• _Provided material_:
++++++++++
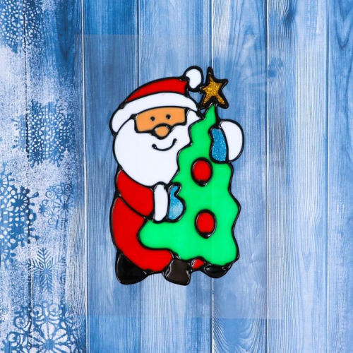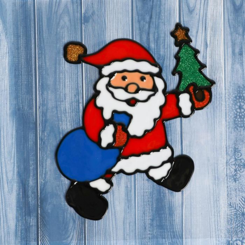 Наклейка на стекло «Дед Мороз с ёлкой и мешком»,11×14 см
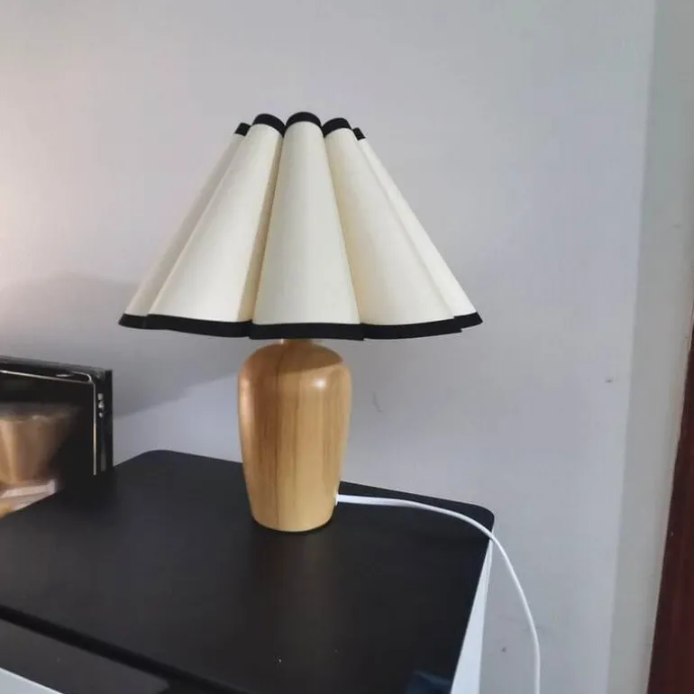 Verschönern Sie Ihren Wohnraum mit unserer plissierten Tischleuchte im Retro-Stil mit wunderschön gearbeitetem Holzsockel aus hochwertigem Holz. Diese Leuchte verbindet Schlichtheit mit Eleganz und bietet eine warme Lichtquelle, die die Atmosphäre jedes Raumes bereichert und Ihrer Einrichtung eine reizvolle Note verleiht.
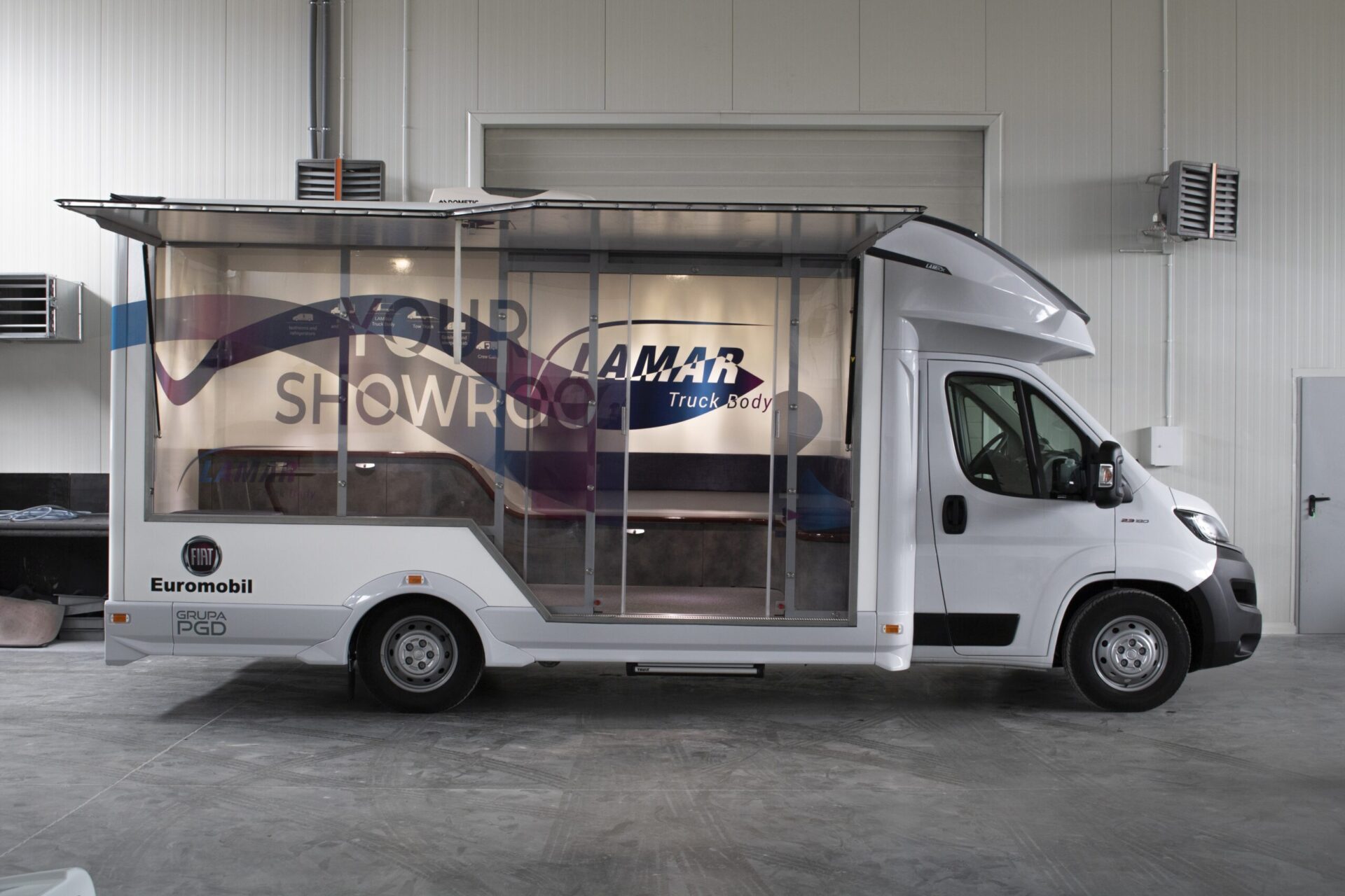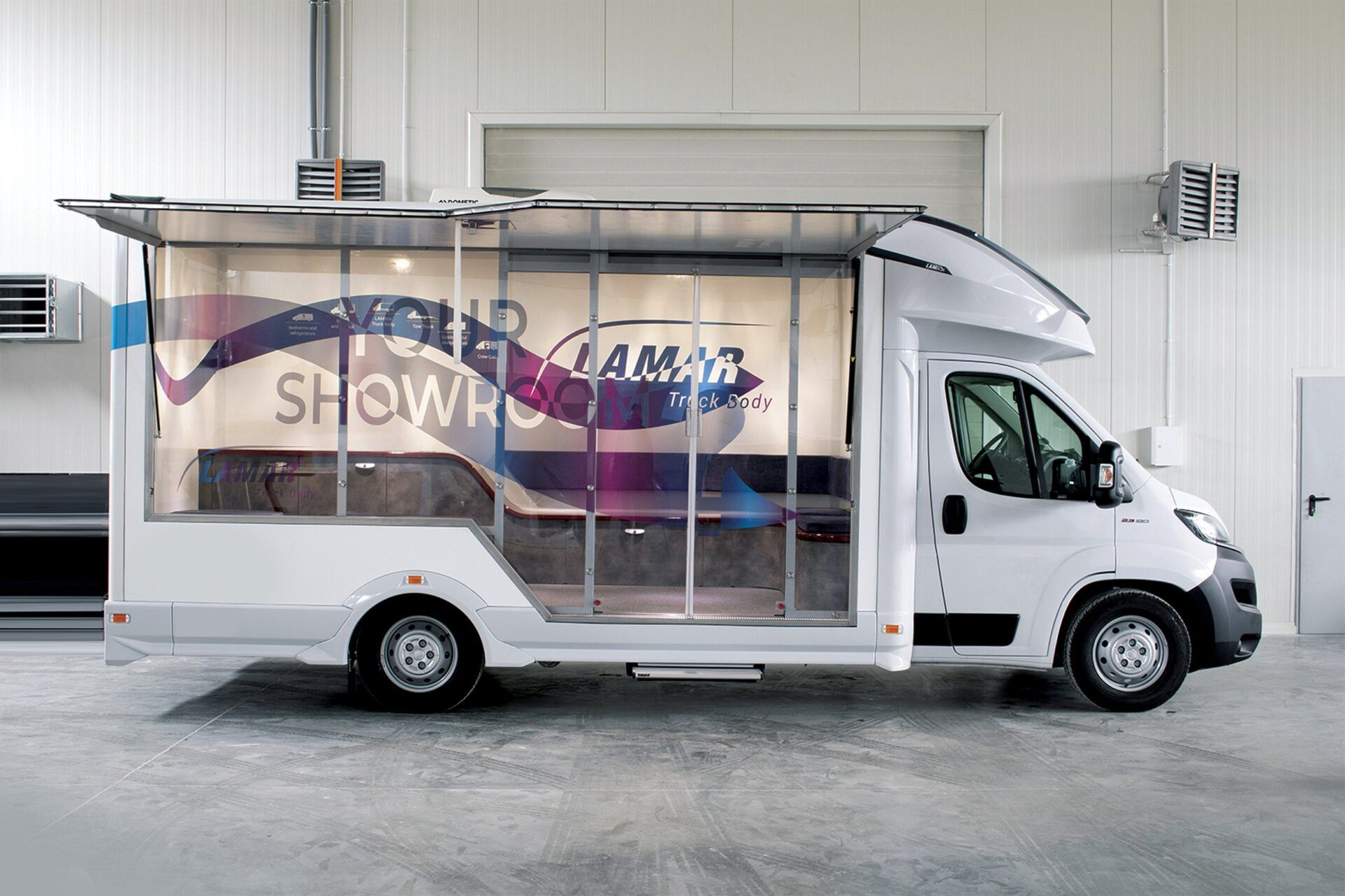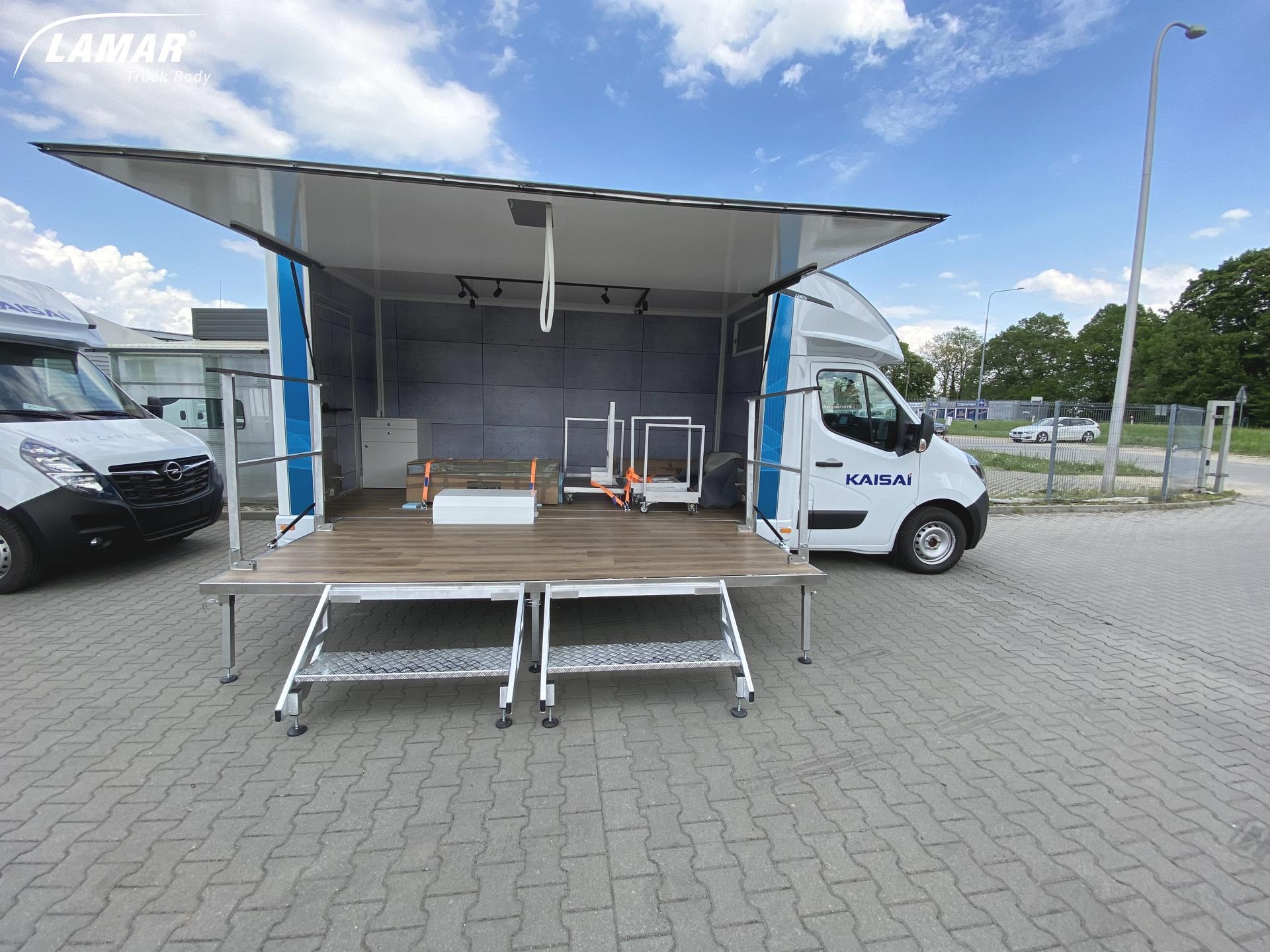 Nasze pojazdy są projektowane stricte pod Klienta. W zależności od prowadzonej działalności, oferujemy całą paletę rozwiązań takich jak: klapy boczne, podesty, ściany w poliwęglanu, lady, wysuwane i składane reklamy dachowe, drzwi i okna w różnych lokalizacjach i rozmiarach, sekcje wodne (zlewy, umywalki, WC), TV, głośniki czy megafony. Wykonujemy meble na zamówienie, stoły, kanapy, fotele, biurka, szafy… Wszystko czego potrzebujesz by wypromować swoje produkty. LAMBOXy wykorzystywane są w całej europie jako centra szkoleniowe.
++++++++++
• _Aim of the exercise_: All of the lines above should be printed exactly, minus the pictures.

• _Expected answer_:
 Наклейка на стекло «Дед Мороз с ёлкой и мешком»,11×14 см
 Verschönern Sie Ihren Wohnraum mit unserer plissierten Tischleuchte im Retro-Stil mit wunderschön gearbeitetem Holzsockel aus hochwertigem Holz. Diese Leuchte verbindet Schlichtheit mit Eleganz und bietet eine warme Lichtquelle, die die Atmosphäre jedes Raumes bereichert und Ihrer Einrichtung eine reizvolle Note verleiht.
 Nasze pojazdy są projektowane stricte pod Klienta. W zależności od prowadzonej działalności, oferujemy całą paletę rozwiązań takich jak: klapy boczne, podesty, ściany w poliwęglanu, lady, wysuwane i składane reklamy dachowe, drzwi i okna w różnych lokalizacjach i rozmiarach, sekcje wodne (zlewy, umywalki, WC), TV, głośniki czy megafony. Wykonujemy meble na zamówienie, stoły, kanapy, fotele, biurka, szafy… Wszystko czego potrzebujesz by wypromować swoje produkty. LAMBOXy wykorzystywane są w całej europie jako centra szkoleniowe.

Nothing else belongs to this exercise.